Cuando en 2011 empezamos a conocer detalles de la nueva versión de Ocarina of Time 3DS, desarrollada por el estudio Grezzo en colaboración con Nintendo, la pregunta automática que nos hicimos todos es cuánto tiempo habríamos de esperar para poder tener también entre nuestras manos su secuela directa, Majora’s Mask, uno de los juegos más extraños, inclasificables y geniales de la historia de la saga Zelda. Parecía lógico pensar, en estos tiempos de nuevas versiones, remakes y demás historias del pasado en forma de píxel, que resultaba sencillo y económico amortizar el motor gráfico creado para la nueva versión de Ocarina of Time con Majora’s Mask, ya que ambos compartieron también en su momento su base gráfica, con pequeños aderezos para esta última en forma de expansion pack.

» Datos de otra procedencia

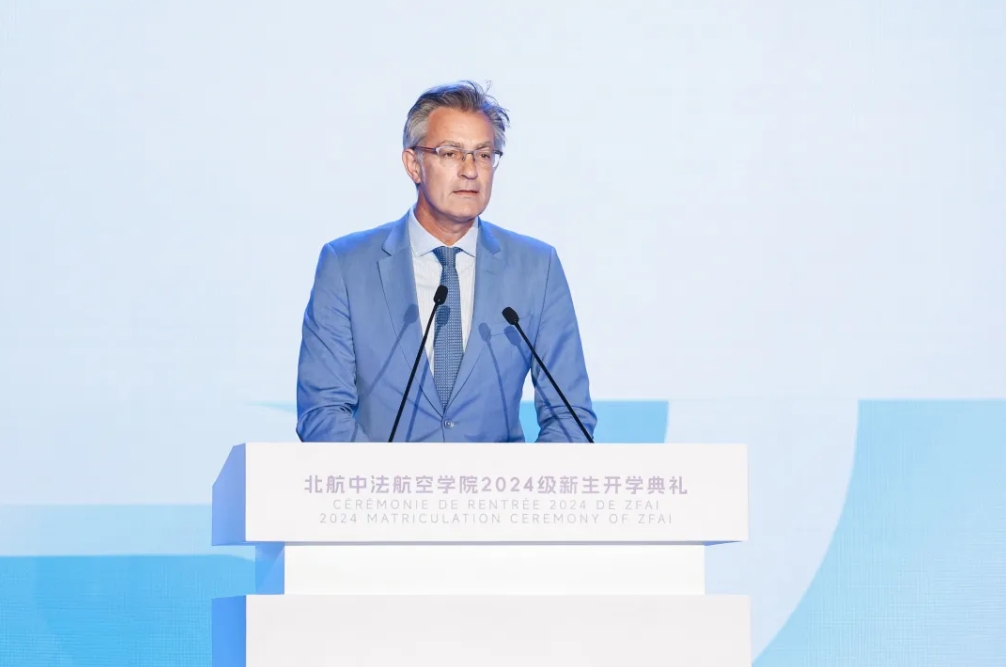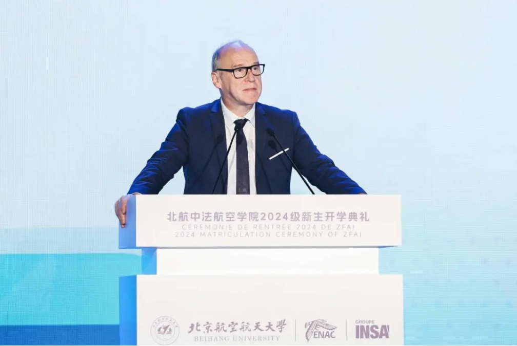 哈盖表示,在过去的18个月里,法国国立应用科学学院集团与北航携手并进,致力于构建并深化两校间人才培养、科学研究等全方位合作,在杭州国际校园迈出了坚实的步伐。希望通过深化教育和科学外交,进一步加固中法两国人民之间的友谊桥梁,促进双方在碳中和目标下的深度合作,共同迈向2050年的可持续发展未来。尚苏指出,法国国立民航大学在国际航空教育界享有盛誉,被公认为欧洲顶尖航空院校,与北航的携手意味着学院的教育模式融合了中法两国顶尖的教育资源,将赋予同学们航空业广泛认可的专业能力、一流素养和国际视野。希望同学们保持旺盛的好奇心、开放包容的心态、谦逊的态度以及不懈的创新精神,以解决复杂问题为己任,推动社会向更加可持续的方向发展。

La excelente acogida de Ocarina of Time 3DS allanó un camino que, no obstante, hasta este reciente y último Nintendo Direct no ha tenido la confirmación oficial que estábamos esperando. Debemos ser sinceros, con el paso de los años muchos habíamos arrojado ya la toalla con este asunto, especialmente después del fracaso de iniciativas tan fascinantes como la Operation Moonfall, que logró recaudar miles de votos por las redes sociales pidiendo a Nintendo que nos llevara de nuevo al reino de Términa. Las evasivas, medias frases y sutilezas de los responsables de Nintendo, empezando por el propio Miyamoto y siguiendo con Eiji Aonuma, tampoco ayudaban demasiado: si acaso, como pasó con todo el lío que se montó a raíz de la máscara de Majora que aparecía en una casa de A Link between worlds, uno tenía la impresión de que se estaban riendo un poco de nosotros.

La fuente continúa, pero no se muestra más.